D048 Review of Disability Language in the Constitution and Canons

Original version

Resolved, the House of _______ concurring, That the 79th General Convention direct the Standing Commission on Structure, Governance, Constitution and Canons to review the governing documents of The Episcopal Church concerning the use and definition of the words ‘disabled’ and ‘disability’ and report their findings to the 80th General Convention; and be it further

Resolved, That the Standing Commission on Structure, Governance, Constitution and Canons propose amendments to the Constitution and Canons regarding the use of the words ‘disabled’ and ‘disability,’ implementing language, where appropriate, that accurately reflects the intended meaning in the documents.

Explanation

Throughout the Constitution and Canons of The Episcopal Church, the current use of the words 'disabled’ and ‘disability' by and large suggests that being disabled or having a disability is synonymous with an incapacity to do ministry as an ordained person. There are presently 5 uses of “disabled” and 29 uses of “disability” in the Constitution & Canons (2015).

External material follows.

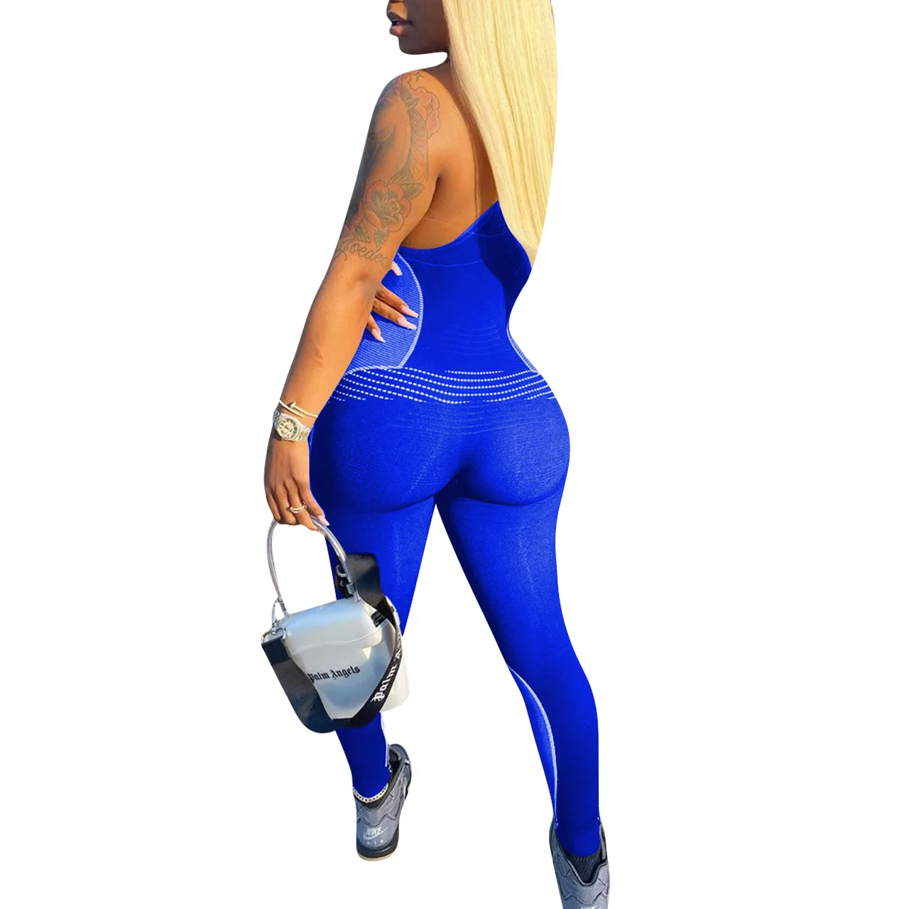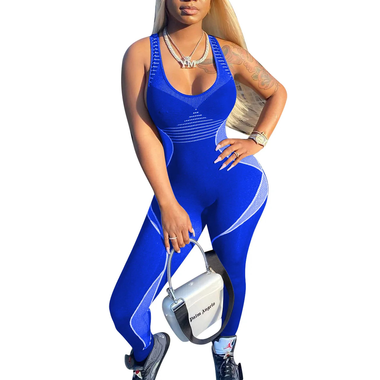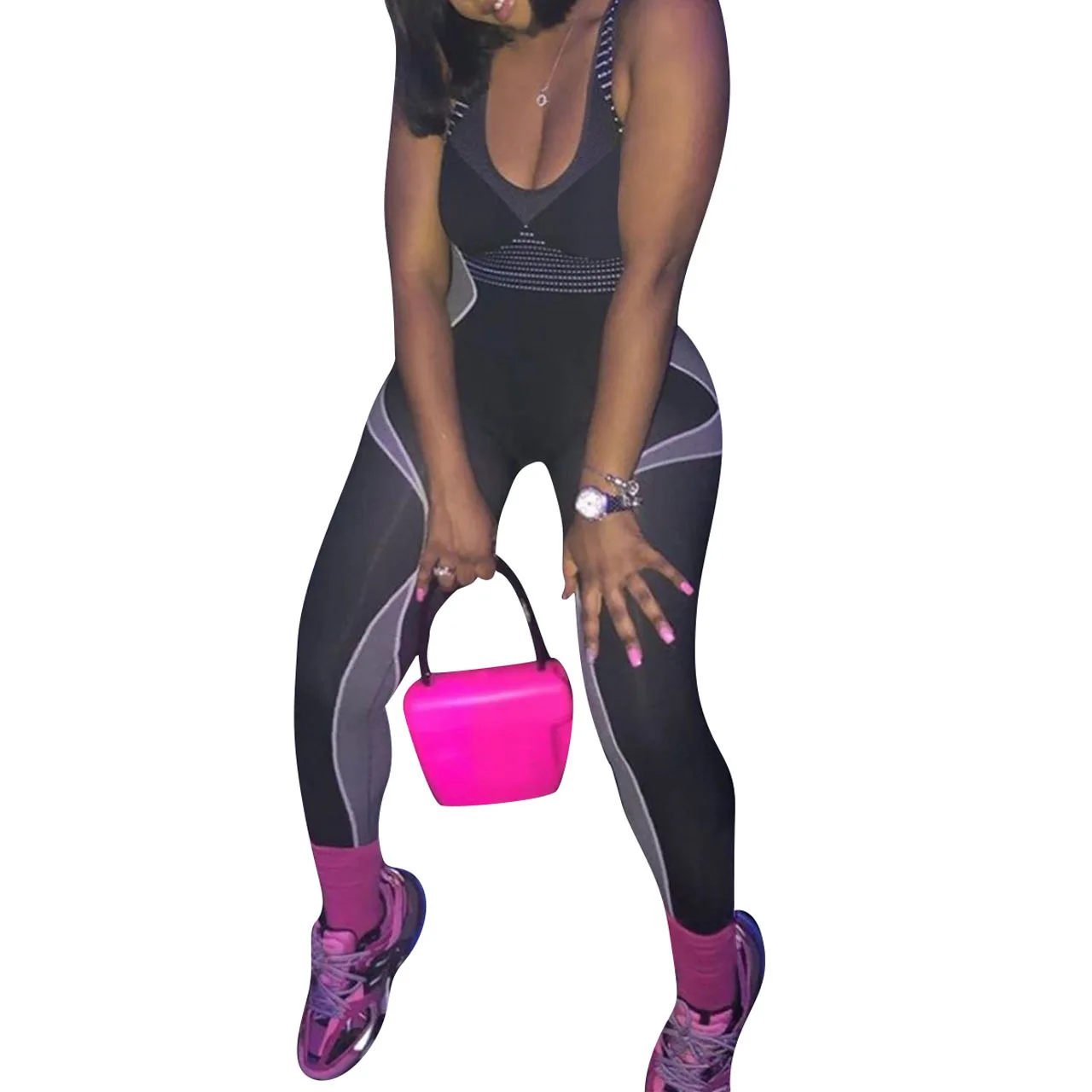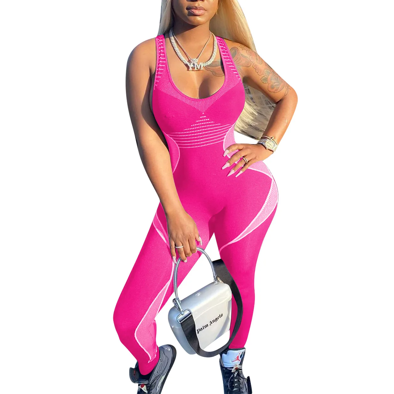CM.YAYA Women Sport Sleeveless Print Tank Bodycon Pencil Bodysuit Jumpsuit Sexy Club Party Romper Playsuit One Piece Overalls

For many people, there are two common understandings of what ‘disabled’ means:
1) An impairment that reduces a person's capacity to engage in certain activities, whether mental, physical, or cognitive; but that does not prevent a person from fulfilling a job or career (ex. a person who relies on a wheelchair can perform priestly ministry. Being a priest doesn't inherently require that a person always use all parts of their body).
2) An impairment that prevents a person from being able to achieve a career or meaningful employment because their disability/ies are limiting to the point that they are indeed incapacitated.

In the Constitution and Canons it seems the use of disability language relies on the second definition, but without clarity. Considering that The Episcopal Church has ordained and continues to support people with disabilities entering the ordination process, with several nondiscrimination clauses present in the Canons, these governing documents should be reviewed and amended to reflect the actual intention of the words ‘disabled’ and ‘disability.’ At present, it seems the meaning is more in line with wording such as ‘incapable’ and ‘incapacitated.’ Our baptismal covenant calls us to respect the dignity of every human being; therefore, it is important to consider how language in the Church’s governing documents affects the perception and treatment of clergy and potential clergy living with disabilities.

Examples:
In the Constitution, Article 1.3 states, “But if the Presiding Bishop of the Church shall resign the office as such, or if by reason of infirmity shall become disabled, or in case of death,..."
In the Canons, Title I, Canon 4.1(h) states, "Should any vacancy occur in the Council through death, resignation, disability, or other reason, with respect to a member elected by the General Convention,..."
Title III, Canon 3.3(a.3) "If the Ecclesiastical Authority is satisfied that the person so elected is a duly qualified Priest and that such Priest has accepted the office to which elected, the notice shall be sent to the Secretary of the Convention, who shall record it. Race, color, ethnic origin, sex, national origin, marital status, sexual orientation, disabilities or age, except as otherwise specified by these Canons, shall not be a factor in the determination of the Ecclesiastical Authority as to whether such person is a duly qualified Priest.”